# Mr. Ferguson is One Year Old today



## tknafox2 (Apr 2, 2013)

Our Amazing singleton has made it through his first year, and I believe he is loving life.
We spent the morning out at "Prado Dog Training Park" hunting and retrieving birds, he went for a swim, and is currently out on the deck with his two sidekiks, Pearl & Churro, each enjoying a Happy Birthday Hoof. 
I am sure he will sleep like a baby tonight, with very happy dreams, and then start on Year Two tomorrow.
I am so happy this little guy came into my life!!

http://www.vizslaforums.com/index.php/topic,9572.msg72669.html#msg72669


----------



## tknafox2 (Apr 2, 2013)

Fergy on the deck...His newest go to spot to keep an eye on HIS world!


----------



## texasred (Jan 29, 2012)

Well a big happy birthday wish to Mr. Ferguson.
I saw where a singleton pup was born this spring, and thought of him.


----------



## MCD (May 4, 2013)

Happy Birthday Fergy! Luv Dharma and Marcia


----------



## CrazyCash (Jul 12, 2012)

Happy, Happy Birthday!! I can't believe that he's already one - where did the time go?? Sounds like he had a super fun b-day.


----------



## tknafox2 (Apr 2, 2013)

I saw where a singleton pup was born this spring, and thought of him.

[/quote]

Interesting... Most of them don't live... my inspiration was "Abe" Vermilion Vizsla's While I was researching the "Singleton personality" Adele (RIP) was very helpful, filling me in on some of the idiosyncrasies of a single pup, they are truly a different animal! I can only say " Fergy is truly a piece of work"
I would love to learn more about that solo pup, and how it is getting along?


----------



## tknafox2 (Apr 2, 2013)

A long happy day, come to an end... Sweet dreams Mr.F...
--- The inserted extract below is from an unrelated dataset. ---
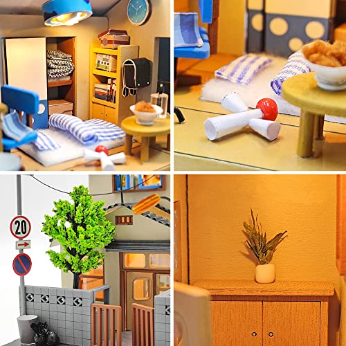 Erhumama Miniatura Giapponese Casa Delle Bambole Modello 3D In Legno Cucina Camera Da Letto Mobili Fai Da Te Bambole Casa Kit Con Copertura Polvere Compleanno Per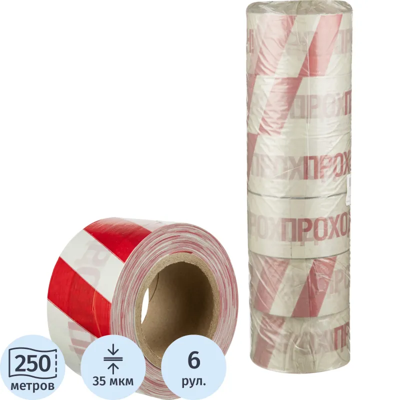 Лента оградительная красно-белая 50мм х250м, 6шт/уп

(true, it is an older photo...but he is doing the same thing...)


----------



## einspänner (Sep 8, 2012)

Happy Birthday, Fergy!


----------



## OttosMama (Oct 27, 2011)

Happy Birthday Fergy! Many happy returns


----------



## mswhipple (Mar 7, 2011)

Wishing Fergy a very happy birthday, and many, many more!! ;D ;D ;D


----------



## lilyloo (Jun 20, 2012)

Has it been a year already? Crazy how quickly time passes. Happy birthday sweet boy!


----------



## dextersmom (Oct 29, 2013)

Happy 1st Birthday Fergy! Wishing you many, many more!


----------



## MeandMy3 (Feb 27, 2013)

Happy birthday, Fergie! Best wishes for your 2nd year.


----------